The passage of time can also be used to aid visualization. The simplest case is where time in the data is mapped directly onto time at the interface. That is, the time-varying data is simply replayed. The rate of replay need not be in real time: a year's worth of weekly sales figures could be replayed in less than a minute at a week per second. Standard video controls can be used in the interface to such a visualization. Alternatively, a spatial dimension (or other parameter) may be mapped onto the passage of time at the interface. Consider a static but solid 3D object. Looking at a few 3D rendered images, one can gain a good understanding of the outside of the object. However, it is very hard to see what it is like inside. Several slices of the object can be displayed simultaneously, but obviously the number of these and the size of each are limited. One solution to this is to show successive cross-sections as an animation, gradually moving the 'cutting' plane, mapping distance through the object onto time. An example of this is the Visible Human Project. It is only possible to see a few slices simultaneously (even at low resolution), but one can watch a movie showing slices from the head down through the torso to the feet. From the movie one can clearly see the bones and internal organs (artificially coloured).

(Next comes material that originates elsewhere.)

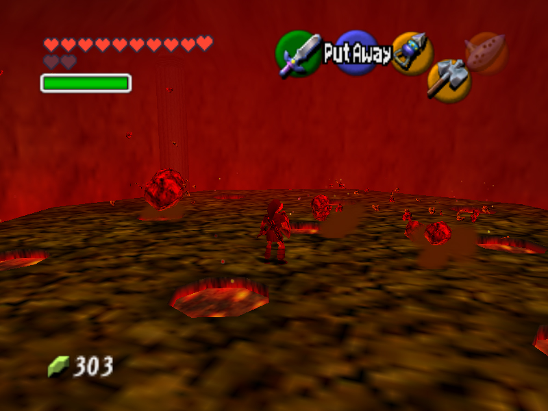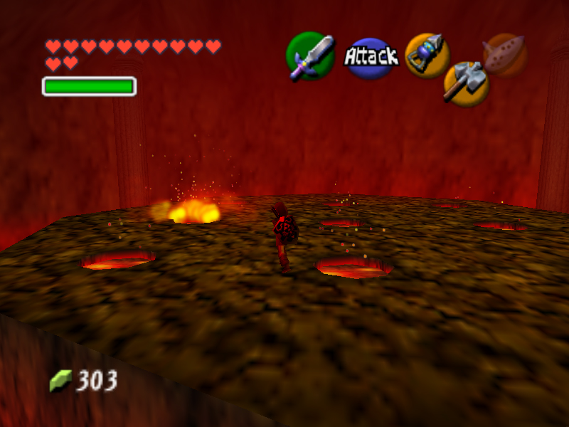 随着它受到更多伤害,它会从九个岩浆洞中出现时故意延迟,试图诱骗你跑向错误的洞口。不过很容易分辨,因为它会连续两次假装出现,第三次才是真身。最佳策略是站在中央附近,冲向最后一个洞口。由于现在踩在岩浆上不会立即受伤,你甚至可以直接走在洞口上。

Perhaps the most powerful use of time is when changes are under user control - interactivity. This is central even to our perception of three dimensions. Stereo vision, shadows and lighting all give an impression of depth, but it is the ability to move around an object, to view it at different angles, which gives a true sense of a real 3D object. Interactivity is also a key factor in the virtual wind tunnel. A movie of the wind tunnel would be useful, but the real power comes because the engineer can move about inside the tunnel, using bubble tracers to investigate particular areas of interest. Another example of the use of interaction is the interface in Figure 15.13 for viewing the Visible Human [182]. A slider is used to control the position of the viewed slice in the body. In this case the slider corresponds to spatial dimension. In other systems sliders are used to select values or ranges for parameters. One system, Homefinder, uses max-min sliders to select price ranges, number of rooms, etc., while in real time a map shows the locations of all houses satisfying the criteria. Even more complex data are visualized using the Influence Explorer [244], which shows the results of a multi-parameter/multiple result mathematical model. The user selects parameter/performance ranges and in real time a histogram displays the number of simulations that satisfy all or most of the criteria (Figure 15.14). Colour is used to represent full vs. partial matches.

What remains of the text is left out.